Erna senkte den Hochglanzprospekt der «Schiff-ahoi-Reisen». Sie schaute zu ihrem Mann. Der aber blätterte im Sportteil seiner Tageszeitung, sodass Erna sich genötigt sah, mit einem langen Seufzer auf sich aufmerksam zu machen.

Walter schaute nicht vom Blatt auf – knurrte aber: «Ist es wieder die Galle?» Erna: «Nein – ist es nicht. Es ist diese Schiffsreise, die mich seufzen lässt.»

Walter blieb mit dem Blick hinter dem Blatt: «Aha. Ich glaube nicht, dass du auf ein Schiff willst, wenn dir schon im 36er-Bus übel wird!» Nun wurde die Tonart von Erna schärfer: «Ich meine immer noch selber entscheiden zu können, was ich will. Und was nicht. Ich will auf dieses Schiff!»

Das wirkte. Alarmiert liess Walter die Zeitung sinken: «Was ist denn das wieder für ein neuer Furz?! Ein Schiff? Wir gehen doch nach Adelboden. Wir gehen immer nach Adelboden …» «Eben!» – sagte nun Erna spitz und gedehnt. «Eben – ich will wieder mal etwas Neues sehen. 37 Jahre Vogellysi sind genug!»

Entsetzt schaute Walter seiner Frau ins Gesicht. So kannte er sie nicht. Nie aufmüpfig. Nie laut. Manchmal ein bisschen sarkastisch – Aber mit einem Schiff? … Also, das war noch nie da.

«Aber ich habe doch die Wohnung schon gemietet … habe eine Vorauszahlung geleistet und …» – Walter tönte jetzt so kläglich wie ein Messhüpchen. «Bestell ab!», bellte Erna. Klar und bestimmt. «Wir sind noch nicht zu alt, um auch einmal auf neuen Geleisen zu fahren.» «Also, wenn du Zugferien möchtest …», versuchte es Walter hoffnungsvoll.

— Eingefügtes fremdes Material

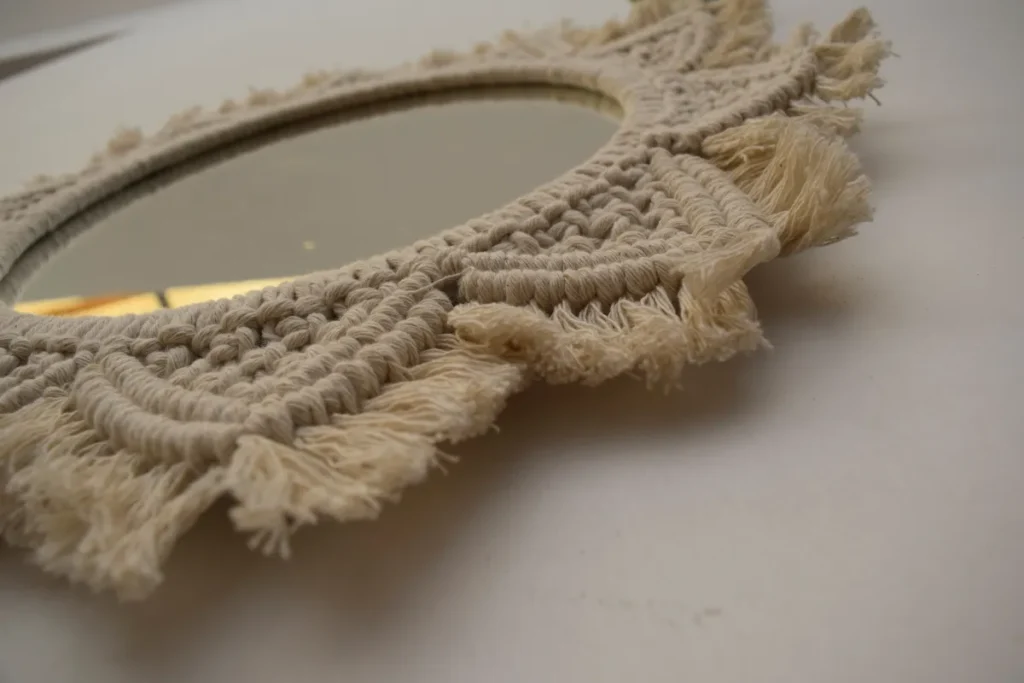 - Makrome Ayna Çerçevesi: Yuvarlak bir aynanın etrafına düğüm teknikleriyle ip geçir, kenarlarına püskül veya fringe ekle; evinin en dikkat çekici köşesi hazır!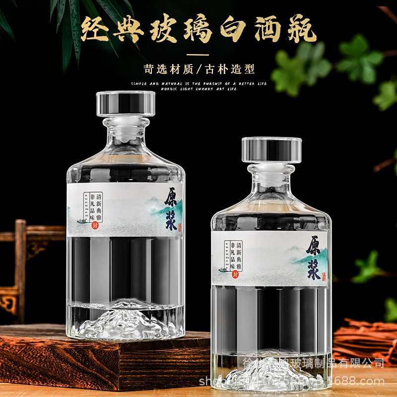 現物卸売り観山酒瓶透明ガラス白酒瓶500ml 1斤入結晶白料火山酒瓶空瓶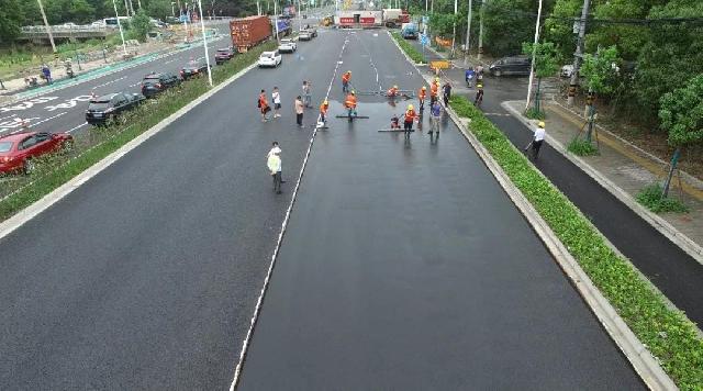 尤其精心的是,建设者于上月27日,在江杨北路友谊路路口东南侧机动车道进行了半柔性沥青路面摊铺,道路路面的通行质量已大为提升。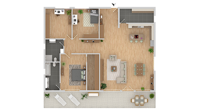 • Gerenderter 360° Rundgang aus einer Grundrissvorlage
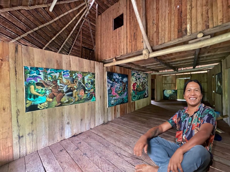 Soy pintor autodidacta perteneciente a los pueblos originarios murui y bora, de la Amazonía peruana. Vivo en Pucaurquillo, una comunidad ubicada en la cuenca del río Ampiyacu en la región Loreto. Desde muy niño, escuchaba de mis padres historias fantásticas cuando estábamos en la chacra, pescando, o conversando en casa durante las profundas noches amazónicas. Esos relatos alimentaron mi imaginación y mi sensibilidad por la naturaleza y los grandes misterios de la vida. Además me enriqueció conocer el mundo occidental, respetarlo, e interactuar. Todo esto está en mi obra.

«Das Geleise ist symbolisch gemeint, du Dummi!» Erna tätschelte Walters Hand: «Ich möchte endlich wieder mal Neuland sehen … zu andern Ufern aufbrechen … und so eine Schiffsreise ist da genau das Richtige für uns!»

Aus Kostengründen fuhren sie mit dem Zug nach Genua. Und schon nach Mailand war Ernas Tasche weg. Alles drin: Pässe, Geld, Ferien-Vouchers. Der italienische Zugführer alarmierte die Polizei. Walter und Erna verbrachten zwei mühsame Tage auf dem Posten der Polizia del Porto – die Nächte in einem Dreisternhotel, das die Zimmer stundenweise vermietete. Am dritten Morgen bekamen sie zwei neue Pässe und einen Brief vom Schweizer Konsul mit 300 Euro und guten Wünschen. Überdies waren da auch zwei  Rückfahrttickets in die Schweiz: Genova–Chiasso, 2. Klasse.

Nach der Grenze riefen die beiden sofort ihren Sohn an. Dieser tobte: «Ja seid ihr total verrückt geworden … in eurem Alter alleine auf eine Schiffsreise! Könnt ihr nicht wie andere Alte in ein Kurbad?» Nur ihr jüngster Enkel Oliver war begeistert. Er hatte das Gespräch mitgehört und rief: «Wowwww, Opi – das habt ihr mega gemacht!»

«Und was nun?», unterbrach der Sohn spitz. Walter hängte einfach auf. Er schaute Erna entschlossen an: «Ja, was stellt sich der eigentlich vor? Jetzt telefoniere ich meiner Bank. Und lasse uns Geld hierher überweisen. Morgen fahren wir zurück nach Genua … und suchen uns dort ein Schiff … also wenn diese Rotznase glaubt, sie könne uns zum alten Eisen werfen, dann …»

In seinen Augen funkelte dieser Draufgänger, den Erna vor fünfzig Jahren kennen gelernt hatte. Sie schickten dann Oliver bunte Ansichtskarten von Korfu, Tanger, Barcelona und Palermo.

Ein Jahr später waren sie wieder in Adelboden – aber die Reise hatte ihr ganzes Leben verändert. Wenn im Fernsehen eine dieser Städte gezeigt wird, die sie mit ihrem Kreuzschiff angedampfert haben, blüht stets ein leises Lächeln auf beider Lippen. Erna tätschelt dann die Hand ihres Mannes: «Weisst du noch dieses Morgenlicht auf der Akropolis? Es war wunderschön, Walter … Danke.»

Und er schaut sie glücklich an: «Unserm Herrn Sohn haben wirs aber vollkrass gezeigt, was!»